FTIR stands for Fourier Transform Infrared Spectroscopy; but what that really means is that it uses an Infrared energy beam to excite the molecules in a material. These molecules absorb part of the energy and with some fancy maths (god bless computers!) we end up with a spectrum from which we can tell a hell of a lot about the material. In a similar way to how bridges resonate at certain wind speeds or a singer breaking a wine glass, the atoms in the molecules vibrate at defined wavelengths. This means that on our spectrum each peak is associated with a certain type of bond.

So what has all this got to do with the conservation science dept. at the V&A! Well we come across a lot of waxes, resins, varnishes, and of course plastics (which is what my internship is about) in the collection. The identification of these materials is important because it not only helps us in carrying out conservation treatments, but also in building up general knowledge and information about the lives of our objects – like on the trade routes used in their manufacture. We can also learn a lot about the decay of objects by looking at peak ratios or the formation of new peaks.

We use two main methods here in the lab which I like to think of as the “quick and dirty” or the “long, but fun” methods. The “quick and dirty” method is technically known as Attenuated Total Reflection (ATR) and works by the phenomenon of total internal reflection. I call it quick and dirty because the sample prep time is quite short – you only need to place the sample on top of a sampling cell that is about 2mm2. It’s dirty because the quality of spectrum is very dependent on external factors like having a uniform thickness, having the correct pressure over the cell, having a uniform sample and most importantly having enough sample to cover the entire cell.

The “long, but fun” method is called transmission as the light source goes through the sample. This method can lead to a spectrum that is clearer and stronger than ATR but is long because of the sample preparation. First one must mount a sample onto a diamond cell.

A little size comparison - the total size of the diamond sampling cell is just smaller that a 5p piece, however we only place the sample in the small clear square. We really only need a tiny sample to make our measurements. (c) Victoria and Albert Museum, London.

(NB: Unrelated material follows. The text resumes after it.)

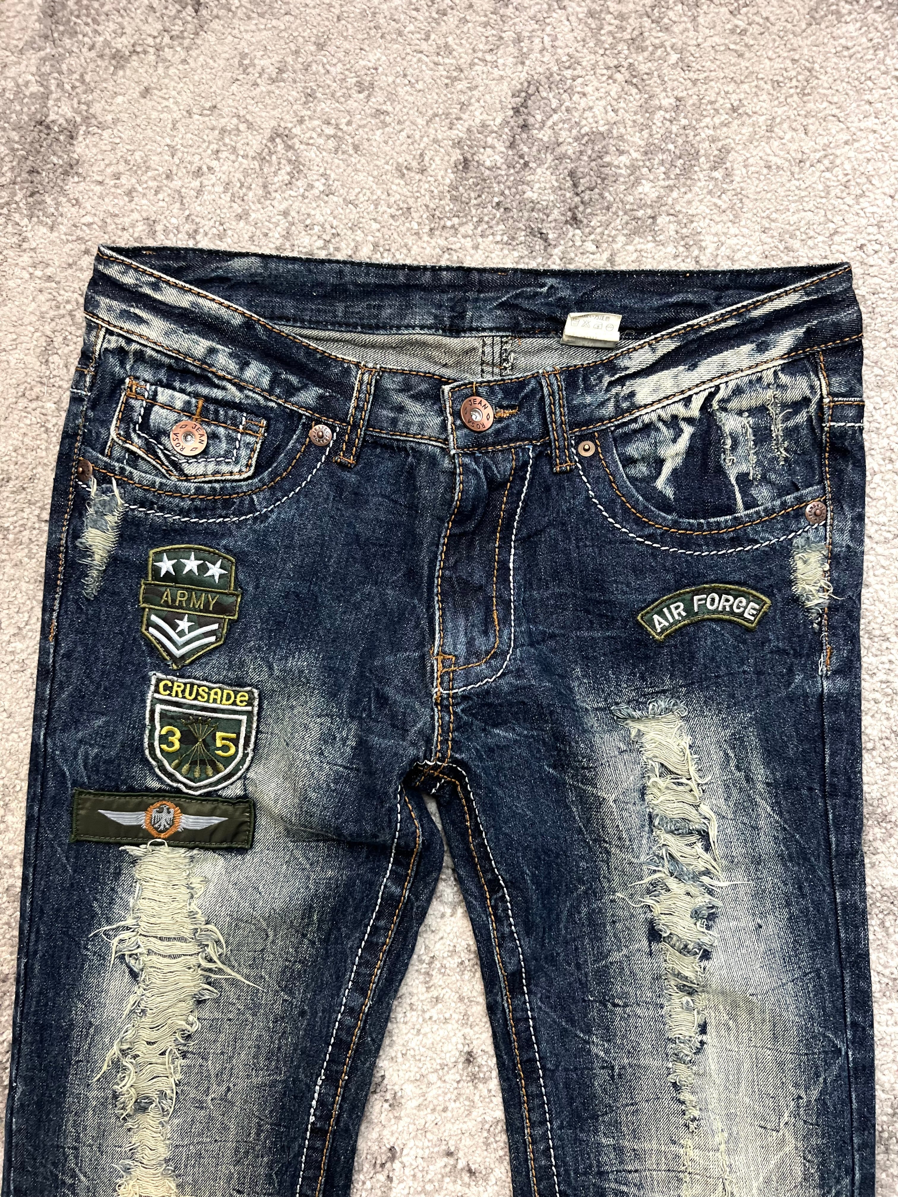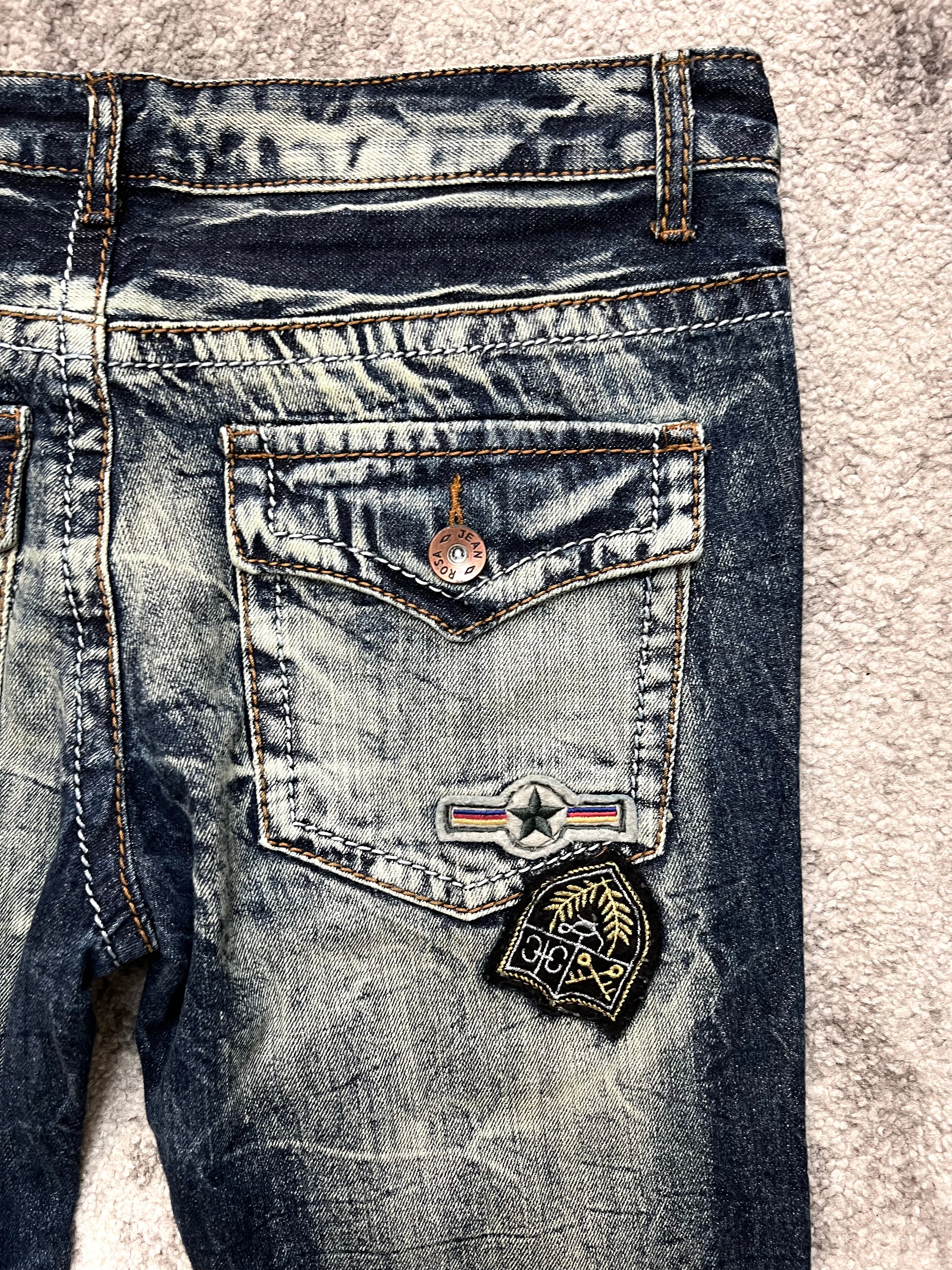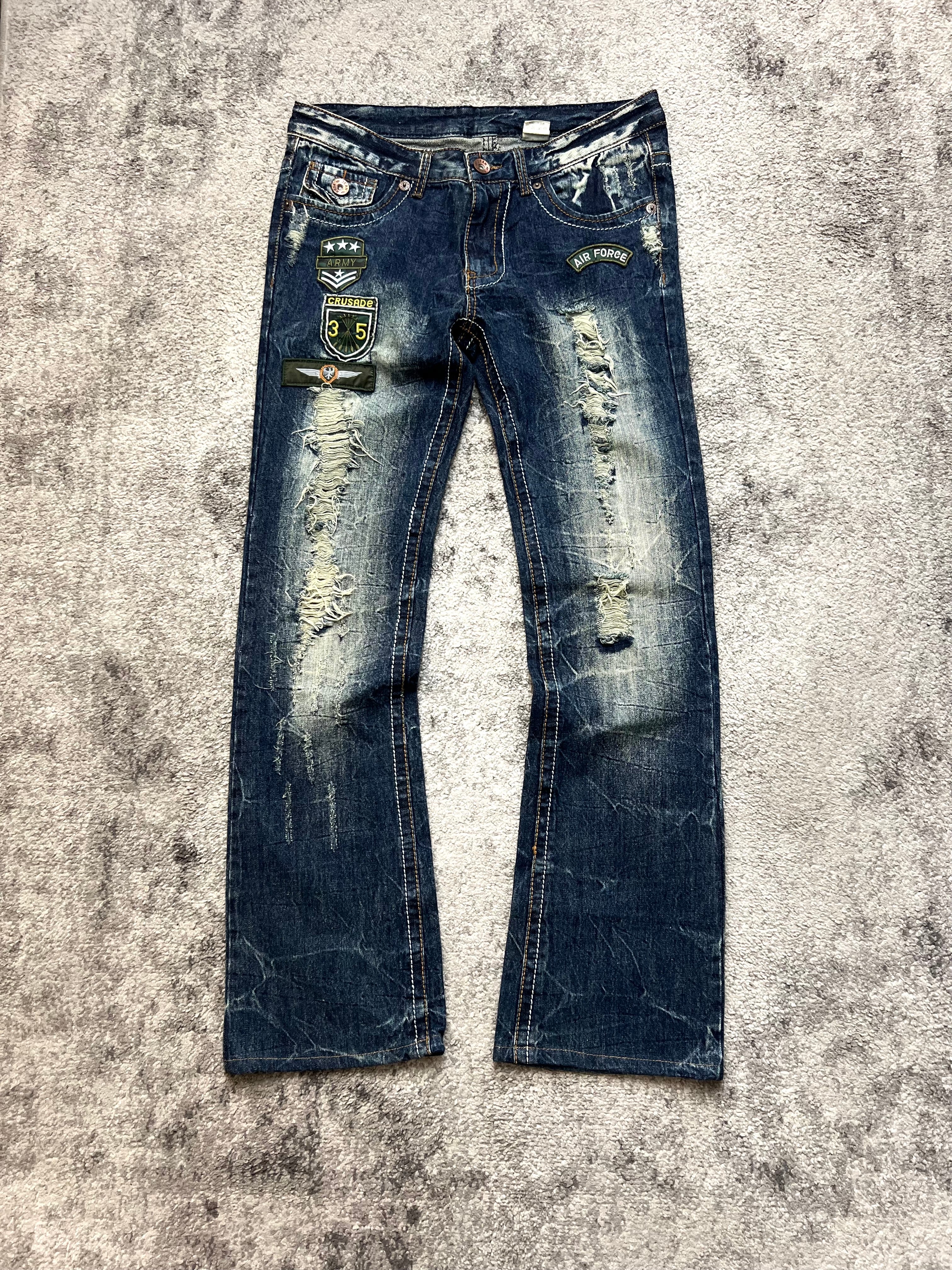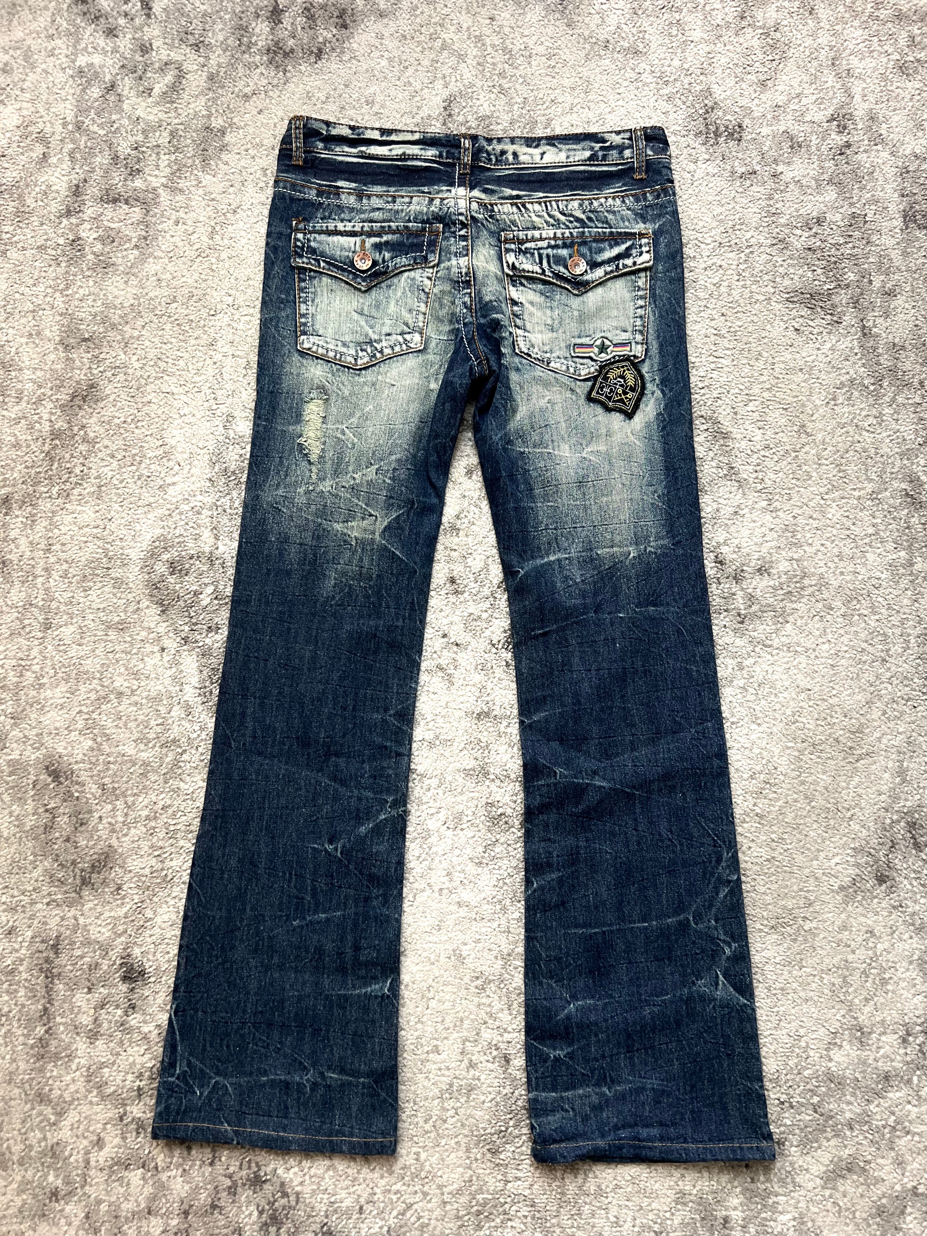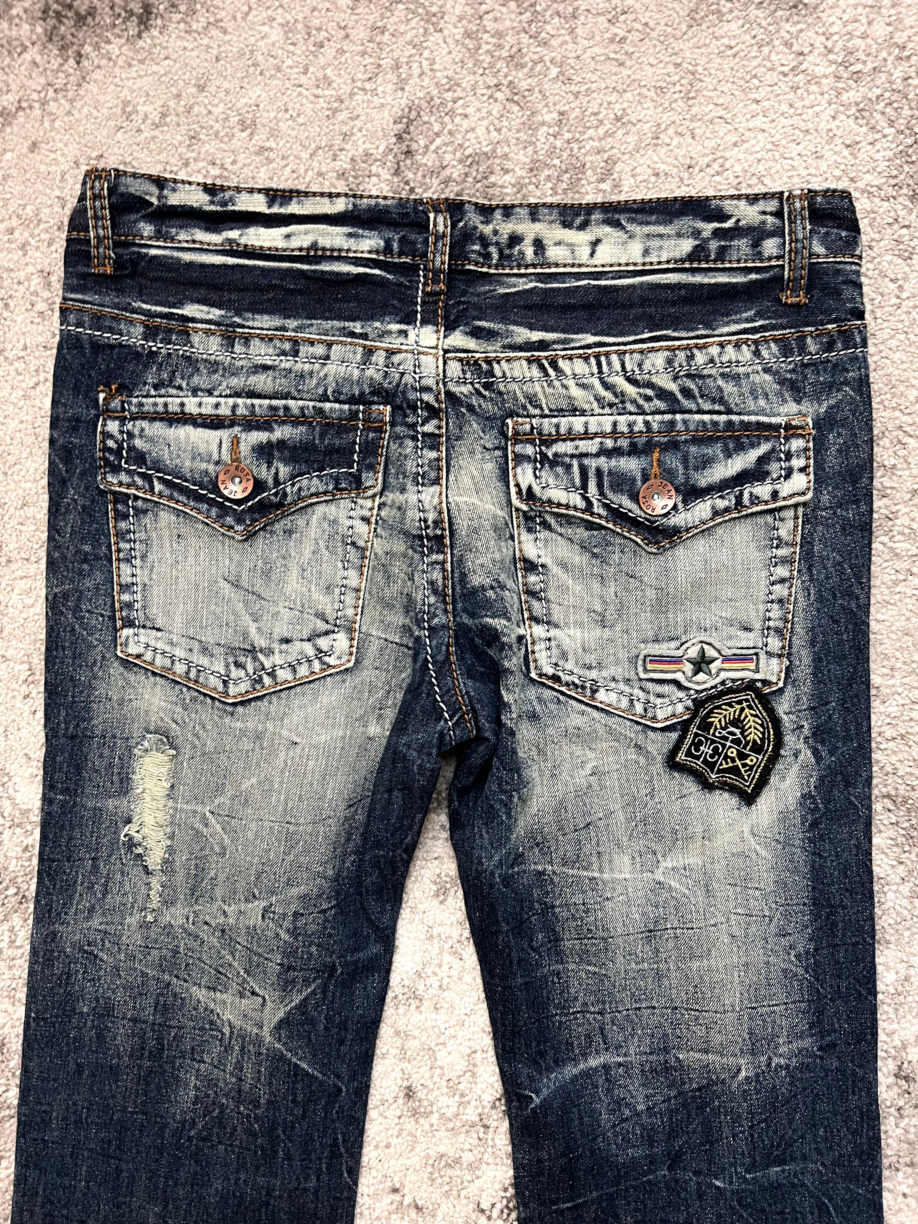 Japanese archive energy at its finest – a true standout from HEISEI. These jeans are cut from rugged indigo denim, heavily washed and distressed with a lived-in, battle-scarred character. Military-inspired patches, frayed edges, and sun-faded whiskering give them that unmistakable archival aura, somewhere between rebellion and nostalgia.

A little size comparison – the total size of the diamond sampling cell is just smaller that a 5p piece, however we only place the sample in the small clear square. We really only need a tiny sample to make our measurements. (c) Victoria and Albert Museum, London.

Unlike the ATR method, transmission only needs a tiny sample (size region: grain of fine sand). The small size requirement is due to the ability to use a microscope to focus on an exact spot to analyse. The down side to using a microscope in this way is that you need to align everything correctly which takes time! The fun side is this method requires the detector to be cooled via liquid nitrogen…see my previous post for the fun we have!

An example of the differences between the two methods is perfectly demonstrated by an object we analysed that was treated by Camille Devilliers, an intern in the sculpture conservation department. Camille had a terracotta that had split in half and had been previously repaired by ‘cementing’ two iron dowels into the back of the object. Camille needed to know what the material holding the dowels in place, and what were the other materials used in the previous treatment.  With these pieces of information she could select the correct method to remove the dowels without damaging the object.

Image of back small

The back of the terracotta that Camille was working on – you would be able to see two iron dowels if they weren’t covered by the brownish beeswax in the center of the object. (c) Victoria and Albert Museum, London.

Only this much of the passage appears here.